» **PROBLEM DESCRIPTION**
Please return only the lines between the line with "Методическая литература педагога" and the final line of the entries, both included, and exclude pictures.

(Records from a data collection)
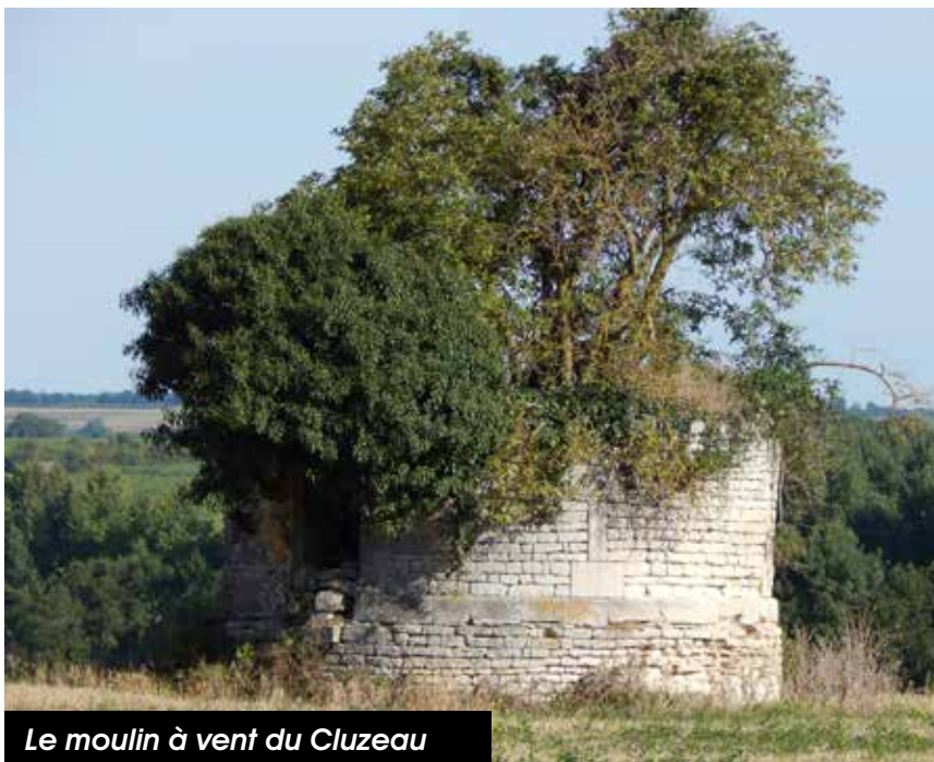
Le moulin à vent du Cluzeau

Si ces légendes vous amusent et vous intéressent, précipitez-vous à la mairie ou à la bibliothèque où vous trouverez les précieux recueils où sont rassemblés les récits minutieusement collectés et retranscrits par des gardiens du souvenir.
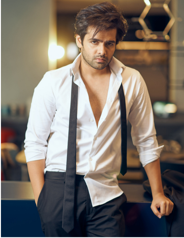
ఫిల్మ్ డెస్క్ (ఫిడీఎన్ఎస్):
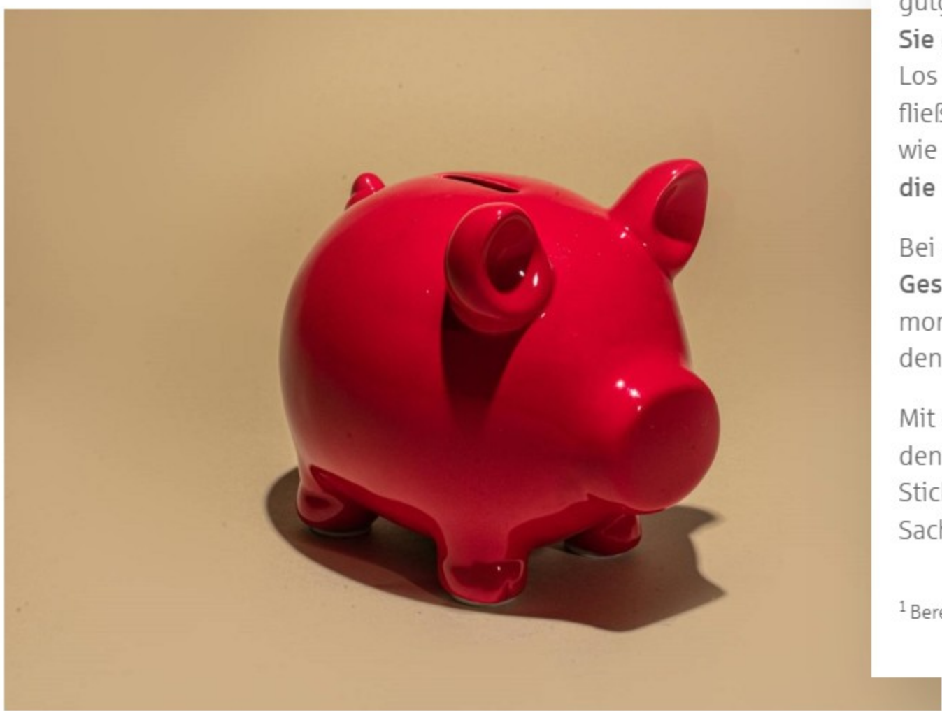
PS-Sparen und Gewinnen macht's möglich!
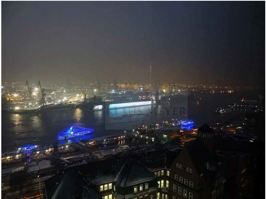
auch im Winter toll
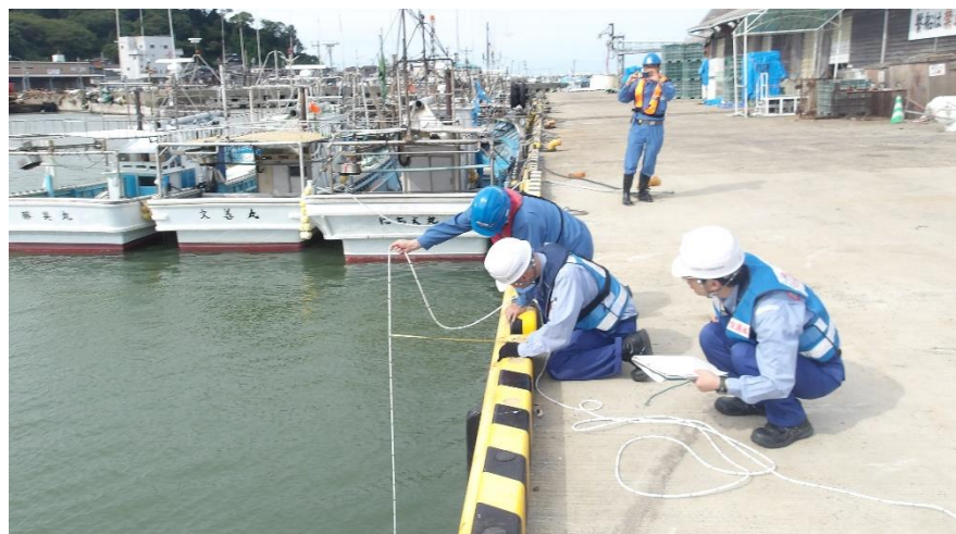
港湾空港班 (輪島市)
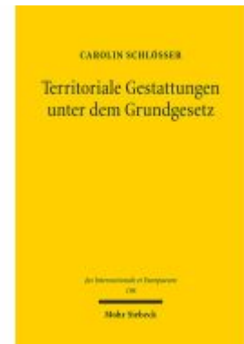
Territoriale Gestattungen unter dem Grundgesetz Ladenpreis: 81,30EUR
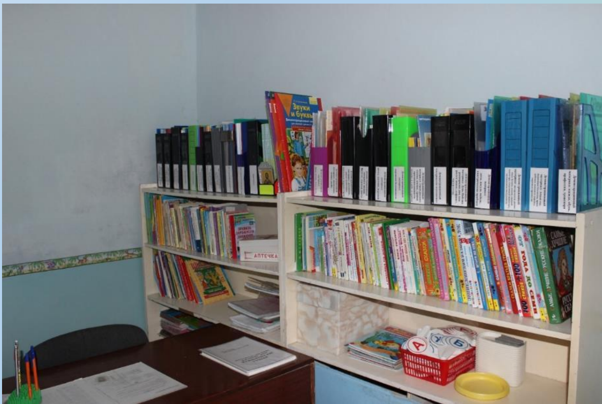
Методическая литература педагога
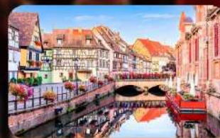
หมู่บ้านริควีเยร์
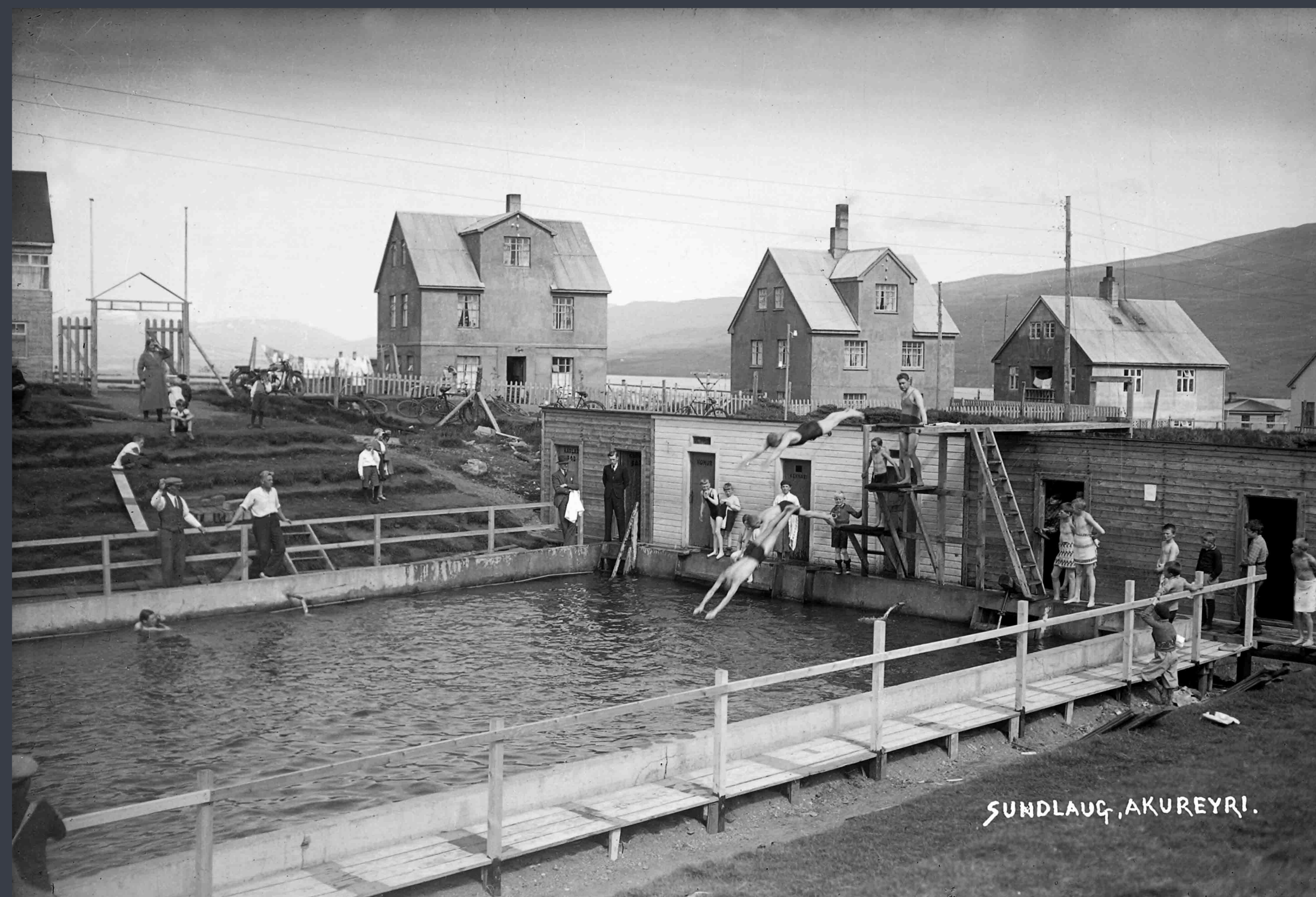
Akureyrarsundlaug í Grófargili árið xxxx. Sundlaugin er á svipuðum stað í dag. Akureyri Swimming Pool in Grófargil in XXXX. The current pool is in a similar location.
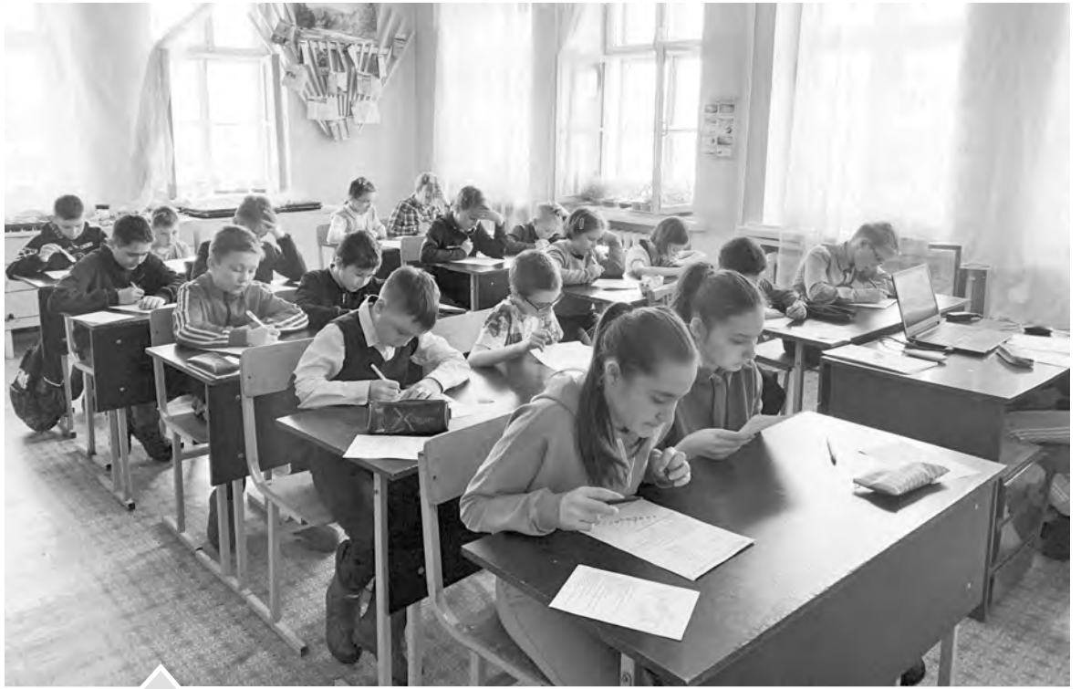
Нязепетровские школьники — активные участники олимпиад

» **SOLUTION TO THIS PROBLEM**
Методическая литература педагога
หมู่บ้านริควีเยร์
Akureyrarsundlaug í Grófargili árið xxxx. Sundlaugin er á svipuðum stað í dag. Akureyri Swimming Pool in Grófargil in XXXX. The current pool is in a similar location.
Нязепетровские школьники — активные участники олимпиад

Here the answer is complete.